§ **Work item**
Below, some lines carry pictures; leave those pictures out and retype exactly the lines from the one with "반그늘에서도 잘 자랍니다. |" through the one with "Gymax Bathroom Floor".

§ **Records shown**

^^^^

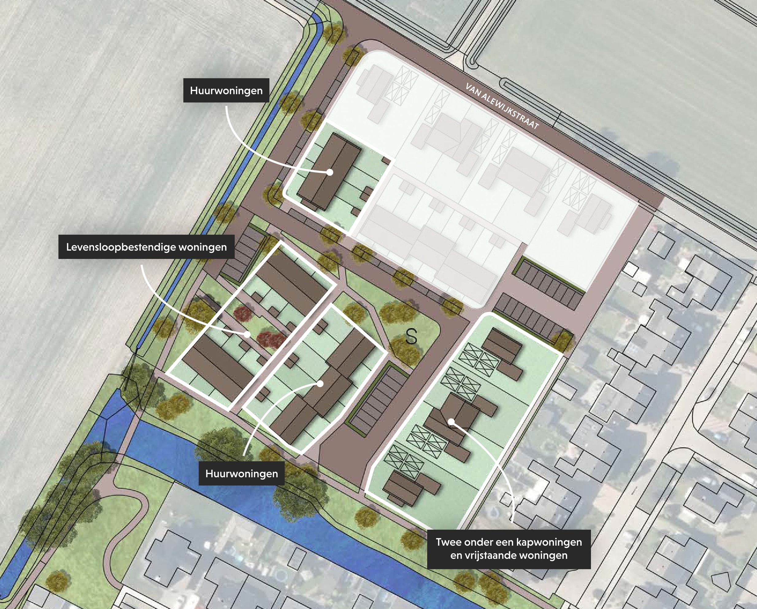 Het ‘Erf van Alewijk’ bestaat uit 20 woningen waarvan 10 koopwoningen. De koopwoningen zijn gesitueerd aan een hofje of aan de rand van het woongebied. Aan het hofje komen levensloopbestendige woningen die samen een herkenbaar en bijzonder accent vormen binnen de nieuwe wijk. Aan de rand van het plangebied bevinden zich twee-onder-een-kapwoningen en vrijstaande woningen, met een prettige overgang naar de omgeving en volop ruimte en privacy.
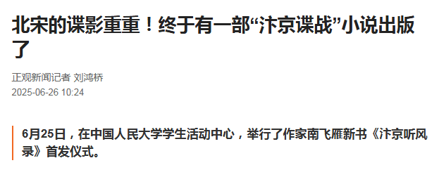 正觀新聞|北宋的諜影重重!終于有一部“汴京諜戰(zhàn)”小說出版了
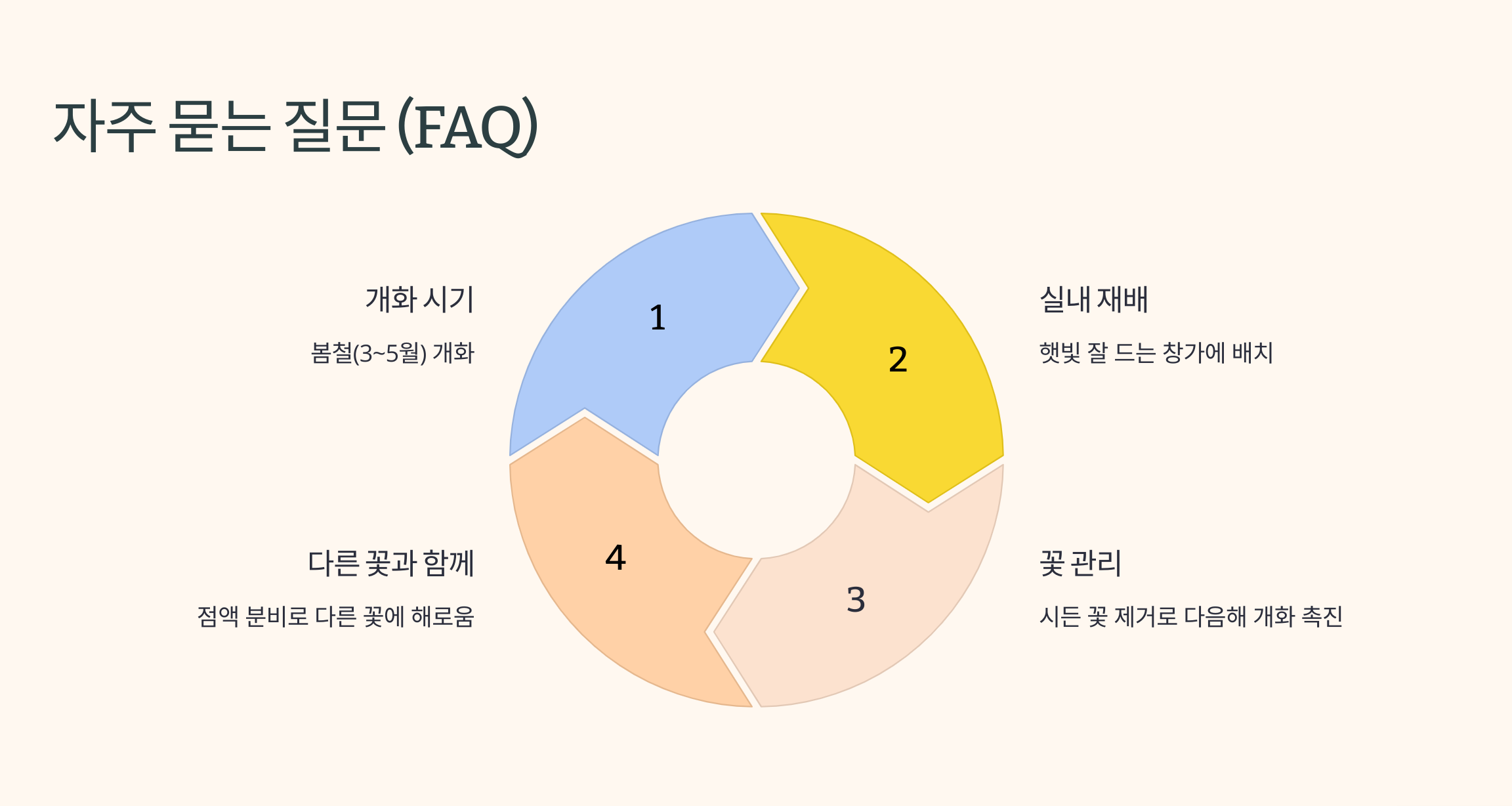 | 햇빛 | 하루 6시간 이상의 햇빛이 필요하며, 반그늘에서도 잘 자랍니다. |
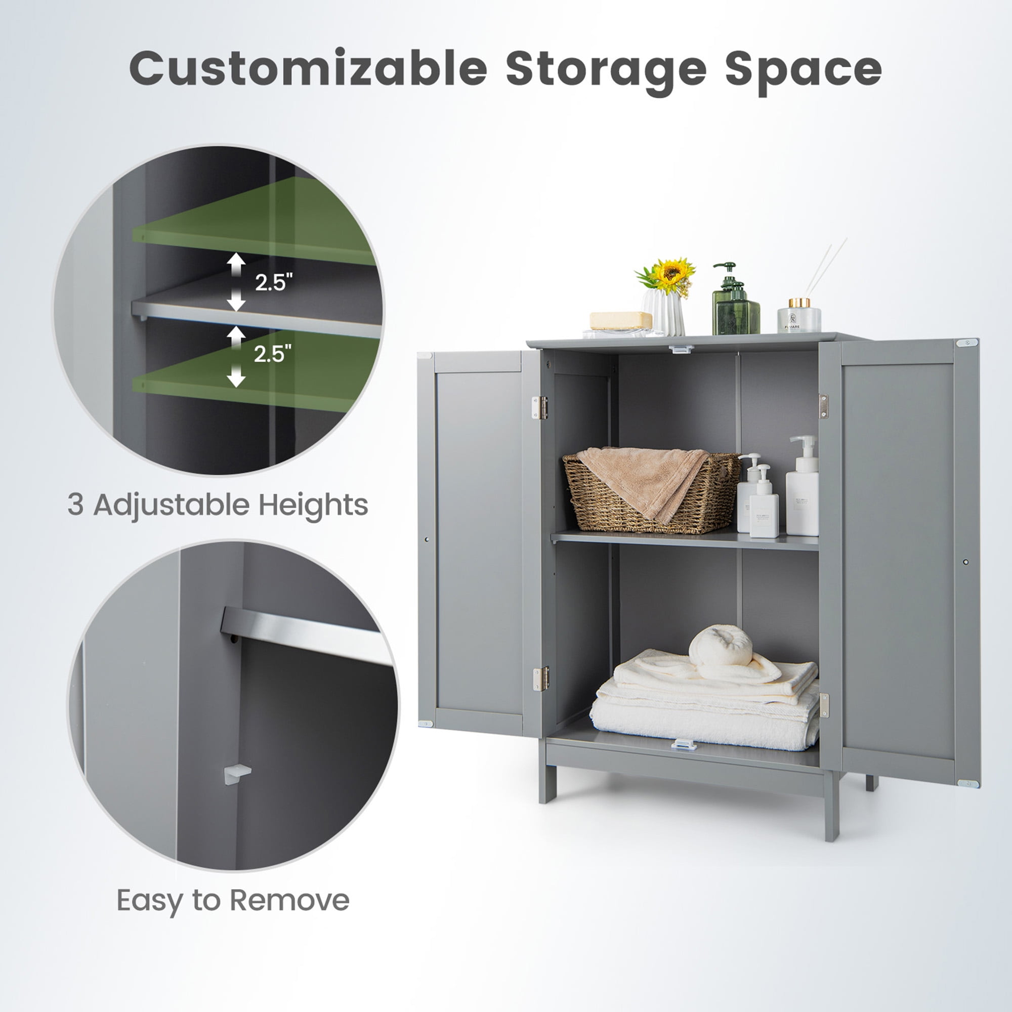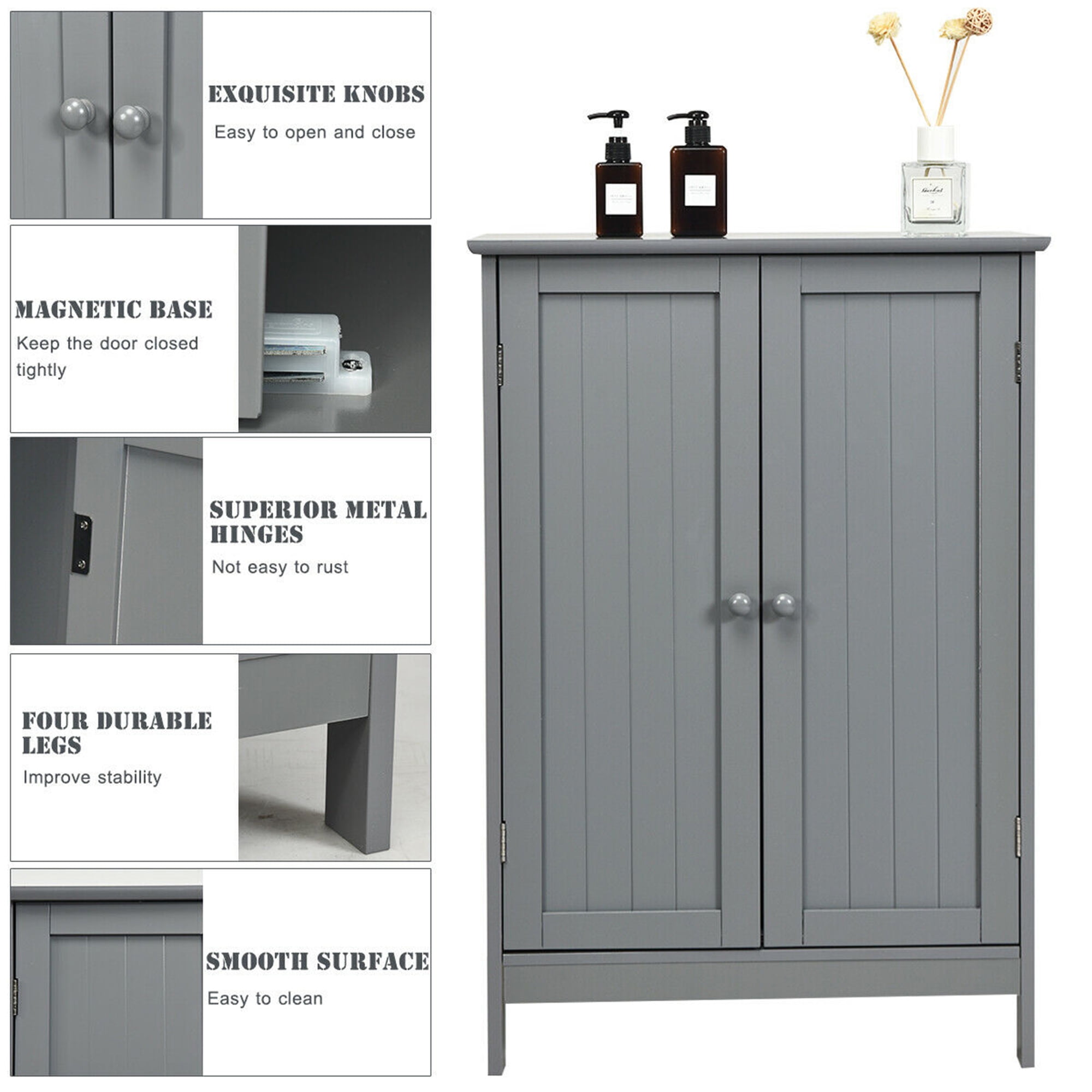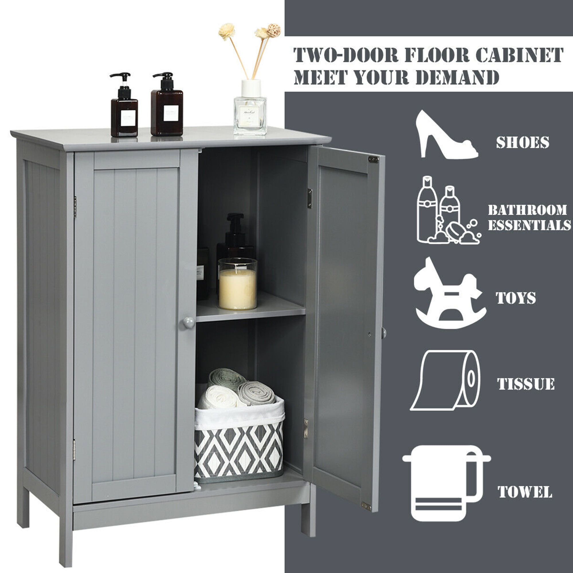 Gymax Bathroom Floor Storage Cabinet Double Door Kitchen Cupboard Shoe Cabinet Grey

^^^^

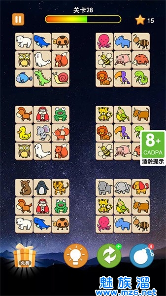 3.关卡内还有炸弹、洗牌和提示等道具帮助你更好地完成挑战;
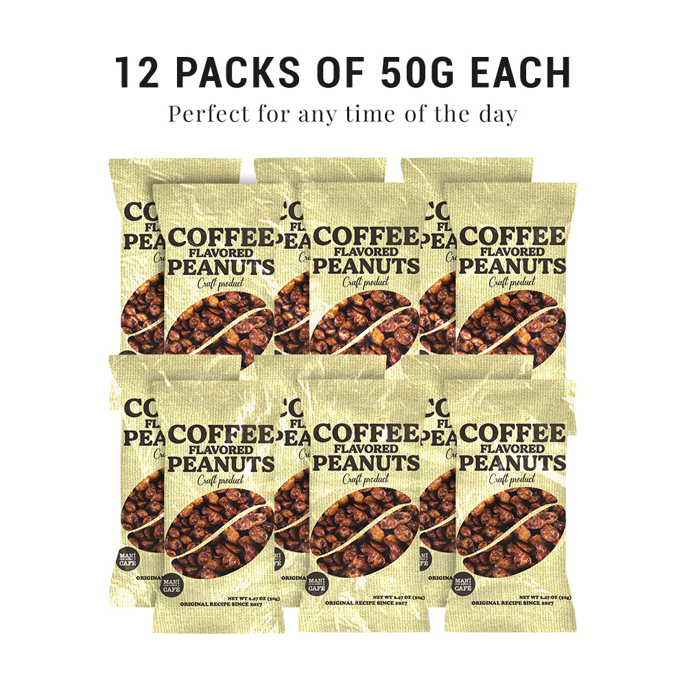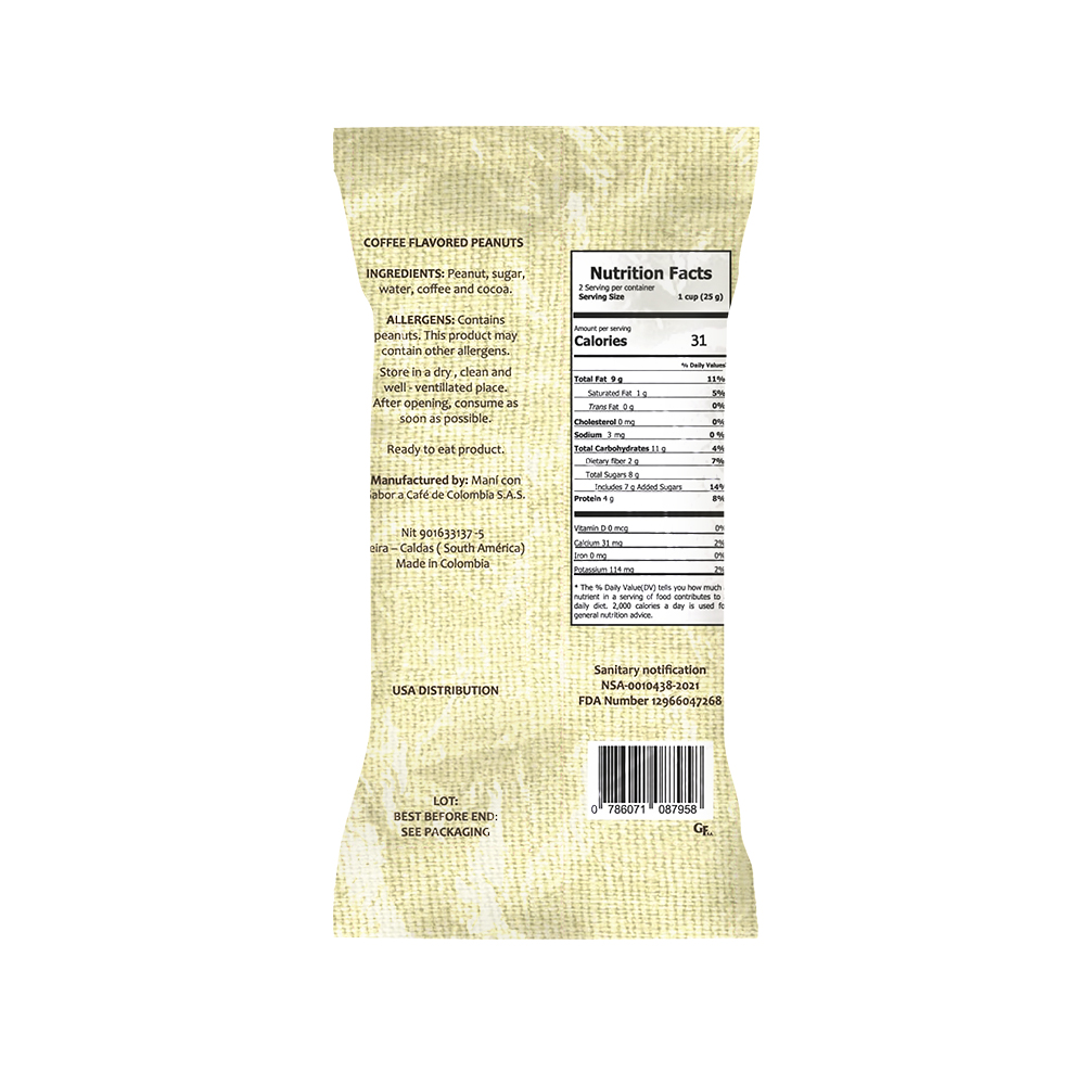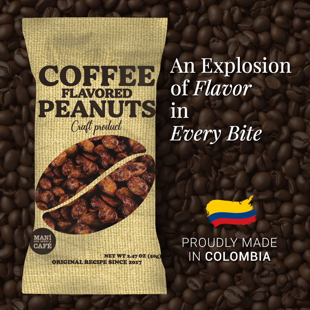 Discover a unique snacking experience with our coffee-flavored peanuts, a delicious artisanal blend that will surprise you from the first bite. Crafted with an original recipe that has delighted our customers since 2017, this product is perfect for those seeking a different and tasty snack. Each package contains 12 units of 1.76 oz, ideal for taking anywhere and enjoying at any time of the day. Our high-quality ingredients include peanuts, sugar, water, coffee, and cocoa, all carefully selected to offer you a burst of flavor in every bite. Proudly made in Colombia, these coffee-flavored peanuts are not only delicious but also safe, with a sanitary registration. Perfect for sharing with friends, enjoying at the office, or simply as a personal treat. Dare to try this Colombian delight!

^^^^

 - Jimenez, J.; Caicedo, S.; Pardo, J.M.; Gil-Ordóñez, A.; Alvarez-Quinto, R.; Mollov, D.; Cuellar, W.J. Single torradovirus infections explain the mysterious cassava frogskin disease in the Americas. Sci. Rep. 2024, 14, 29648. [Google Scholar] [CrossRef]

^^^^

§ **Your solution**
 | 햇빛 | 하루 6시간 이상의 햇빛이 필요하며, 반그늘에서도 잘 자랍니다. |
 Gymax Bathroom Floor Storage Cabinet Double Door Kitchen Cupboard Shoe Cabinet Grey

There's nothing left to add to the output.